Data supplied:

________________________________________

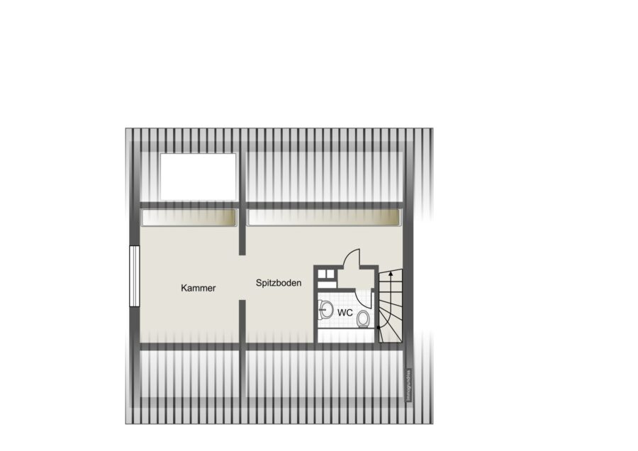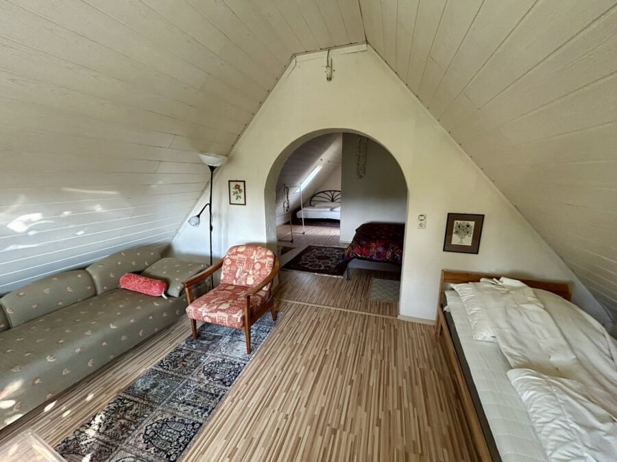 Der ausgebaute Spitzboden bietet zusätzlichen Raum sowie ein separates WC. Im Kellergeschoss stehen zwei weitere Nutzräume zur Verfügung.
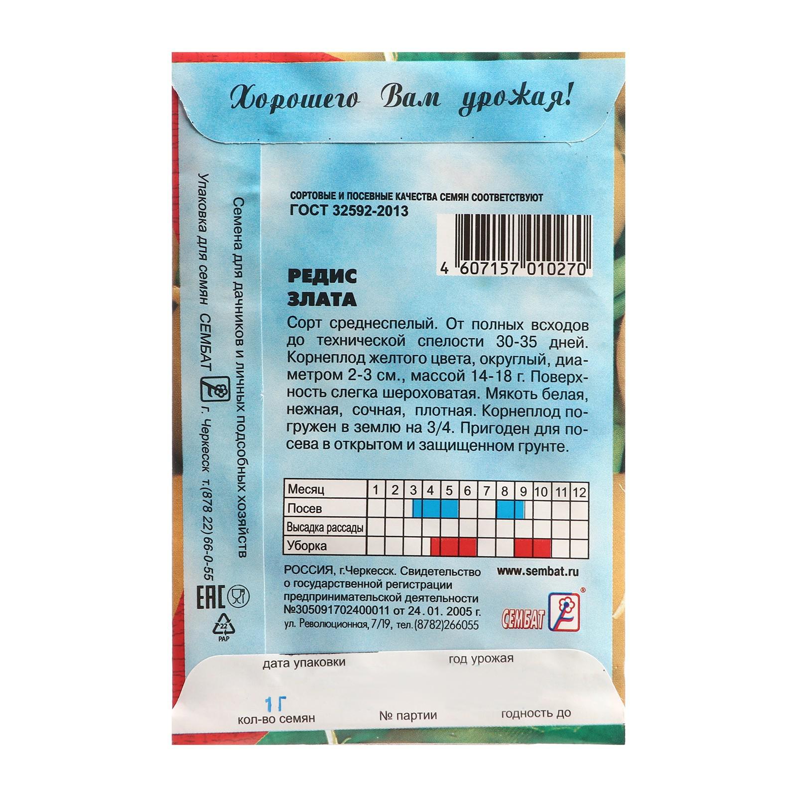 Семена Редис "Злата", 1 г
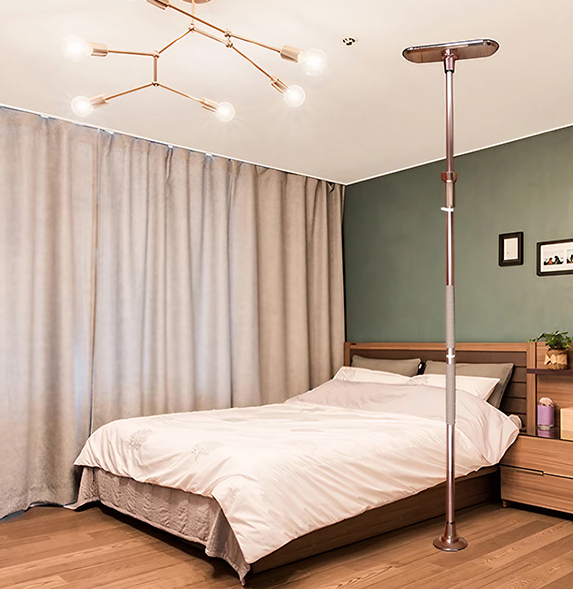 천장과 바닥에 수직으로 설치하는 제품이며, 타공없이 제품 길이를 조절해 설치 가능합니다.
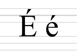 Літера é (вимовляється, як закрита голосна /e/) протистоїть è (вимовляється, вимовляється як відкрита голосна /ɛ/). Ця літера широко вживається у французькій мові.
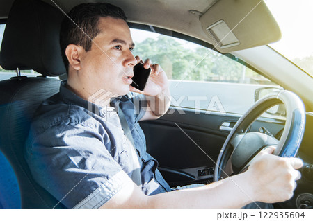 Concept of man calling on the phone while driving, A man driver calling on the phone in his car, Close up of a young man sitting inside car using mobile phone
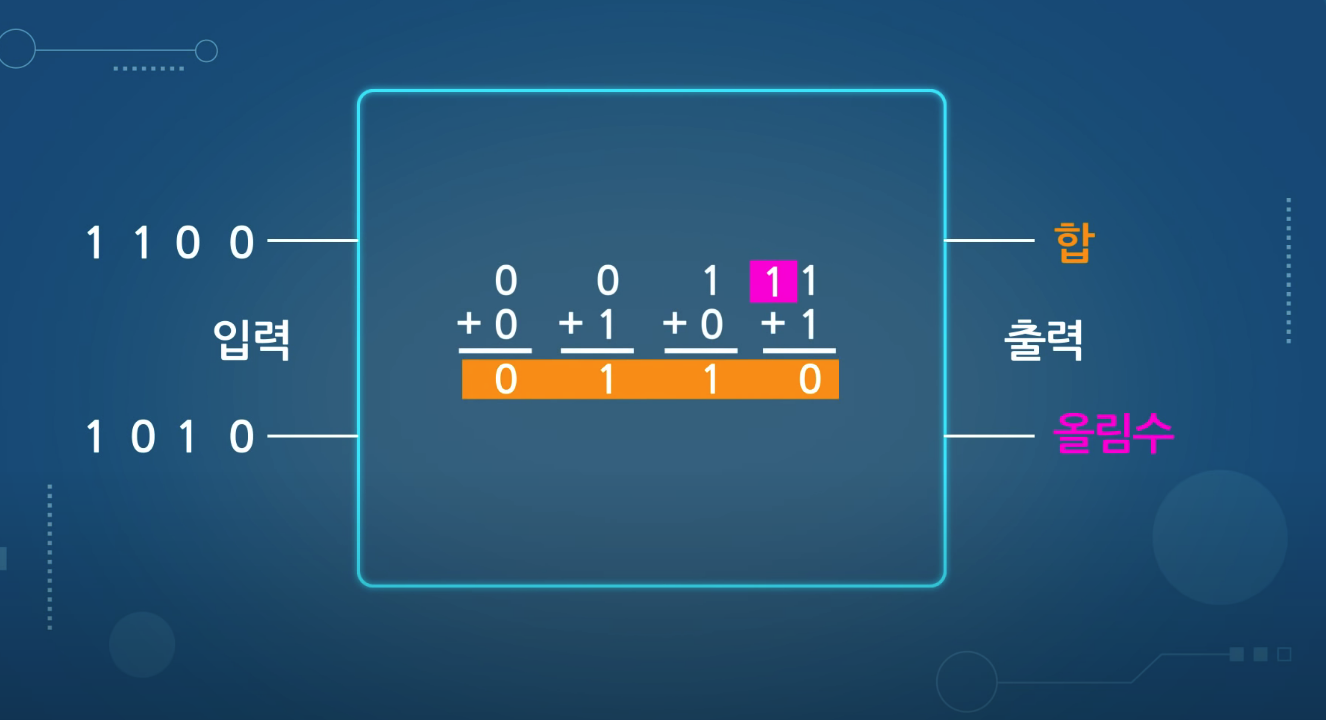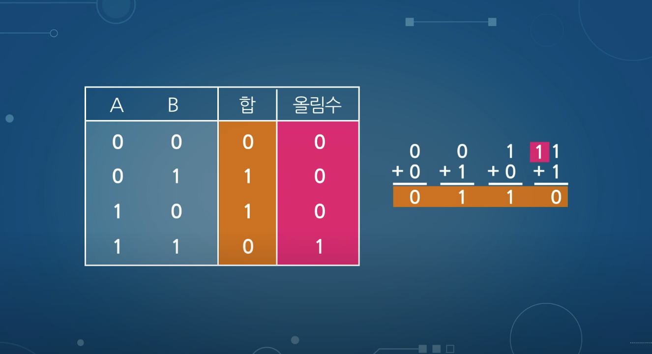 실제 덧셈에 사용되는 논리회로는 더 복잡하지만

________________________________________

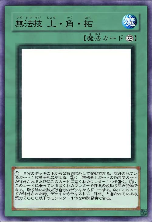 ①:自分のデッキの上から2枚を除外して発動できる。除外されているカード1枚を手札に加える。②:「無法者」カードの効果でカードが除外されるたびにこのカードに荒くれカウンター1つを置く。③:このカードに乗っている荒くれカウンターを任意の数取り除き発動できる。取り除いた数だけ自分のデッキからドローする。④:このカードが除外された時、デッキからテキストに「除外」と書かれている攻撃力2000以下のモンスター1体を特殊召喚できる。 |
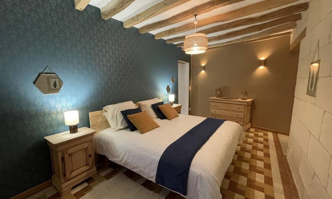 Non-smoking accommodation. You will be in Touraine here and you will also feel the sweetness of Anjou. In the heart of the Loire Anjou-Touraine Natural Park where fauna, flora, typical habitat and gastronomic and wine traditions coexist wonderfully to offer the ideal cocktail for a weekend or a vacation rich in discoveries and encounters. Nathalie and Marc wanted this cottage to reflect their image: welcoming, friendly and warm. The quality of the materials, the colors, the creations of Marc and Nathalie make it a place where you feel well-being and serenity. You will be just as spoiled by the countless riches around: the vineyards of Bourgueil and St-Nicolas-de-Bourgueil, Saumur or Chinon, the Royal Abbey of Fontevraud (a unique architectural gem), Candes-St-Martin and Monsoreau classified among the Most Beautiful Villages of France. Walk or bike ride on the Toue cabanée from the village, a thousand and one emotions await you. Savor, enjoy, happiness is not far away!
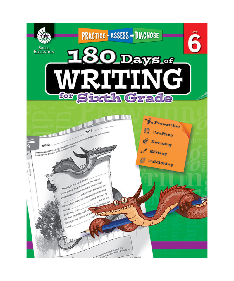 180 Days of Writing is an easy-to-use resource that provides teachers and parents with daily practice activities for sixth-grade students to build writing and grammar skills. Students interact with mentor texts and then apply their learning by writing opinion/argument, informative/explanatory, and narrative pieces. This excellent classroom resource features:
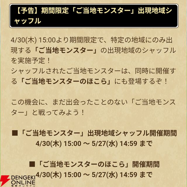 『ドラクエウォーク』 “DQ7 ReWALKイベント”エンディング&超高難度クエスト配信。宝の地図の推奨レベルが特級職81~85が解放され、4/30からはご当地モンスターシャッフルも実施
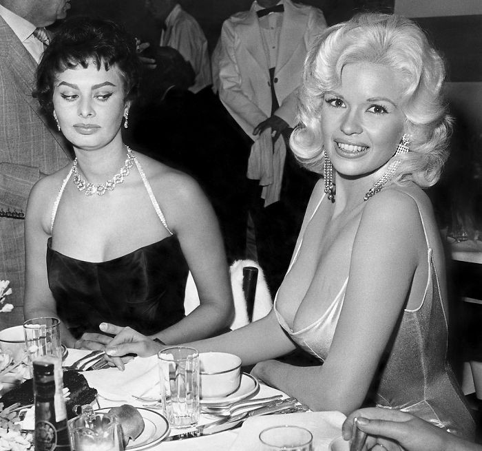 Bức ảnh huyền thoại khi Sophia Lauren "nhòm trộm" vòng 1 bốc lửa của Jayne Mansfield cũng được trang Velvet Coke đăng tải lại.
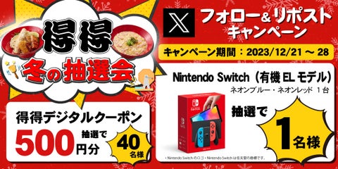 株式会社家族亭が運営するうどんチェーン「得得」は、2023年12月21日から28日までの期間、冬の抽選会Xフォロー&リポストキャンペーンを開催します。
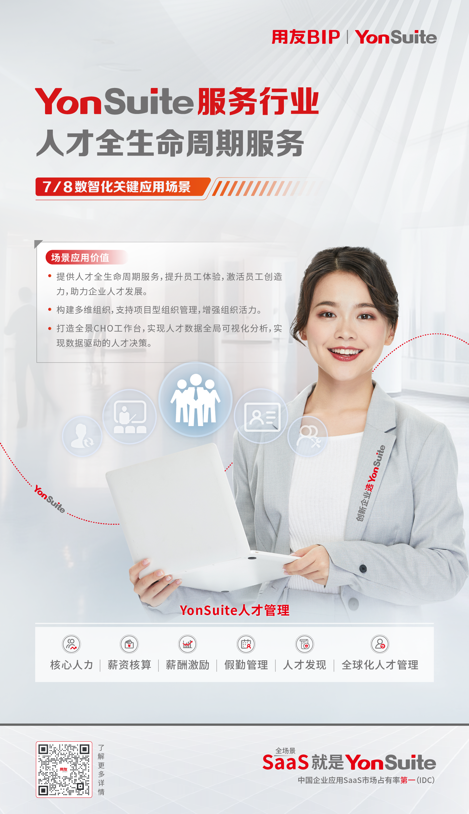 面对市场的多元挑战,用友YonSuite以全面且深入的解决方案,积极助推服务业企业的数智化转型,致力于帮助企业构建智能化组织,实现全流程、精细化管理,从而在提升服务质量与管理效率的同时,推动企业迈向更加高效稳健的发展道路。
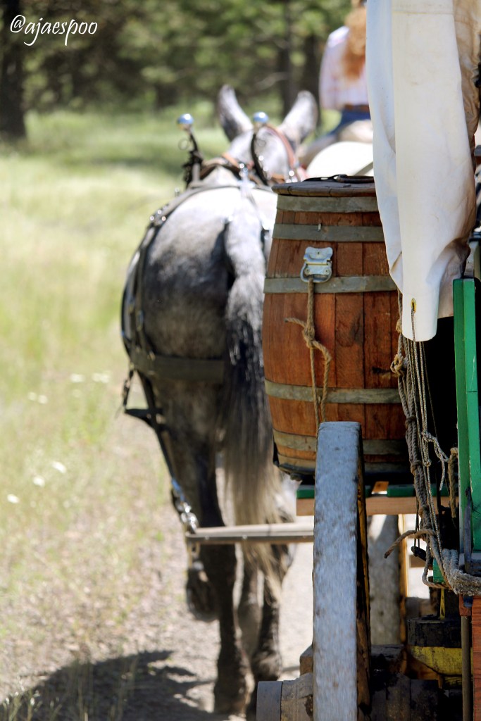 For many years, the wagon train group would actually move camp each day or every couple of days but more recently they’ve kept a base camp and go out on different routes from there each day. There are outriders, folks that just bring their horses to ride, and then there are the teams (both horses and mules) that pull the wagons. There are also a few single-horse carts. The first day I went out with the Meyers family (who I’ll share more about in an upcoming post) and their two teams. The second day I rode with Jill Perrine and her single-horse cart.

________________________________________

An exact copy is needed. It runs from the line above containing "Der ausgebaute Spitzboden" down to the line containing "Літера é (вимовляється, як", both included, with no pictures.

Expected output:
 Der ausgebaute Spitzboden bietet zusätzlichen Raum sowie ein separates WC. Im Kellergeschoss stehen zwei weitere Nutzräume zur Verfügung.
 Семена Редис "Злата", 1 г
 천장과 바닥에 수직으로 설치하는 제품이며, 타공없이 제품 길이를 조절해 설치 가능합니다.
 Літера é (вимовляється, як закрита голосна /e/) протистоїть è (вимовляється, вимовляється як відкрита голосна /ɛ/). Ця літера широко вживається у французькій мові.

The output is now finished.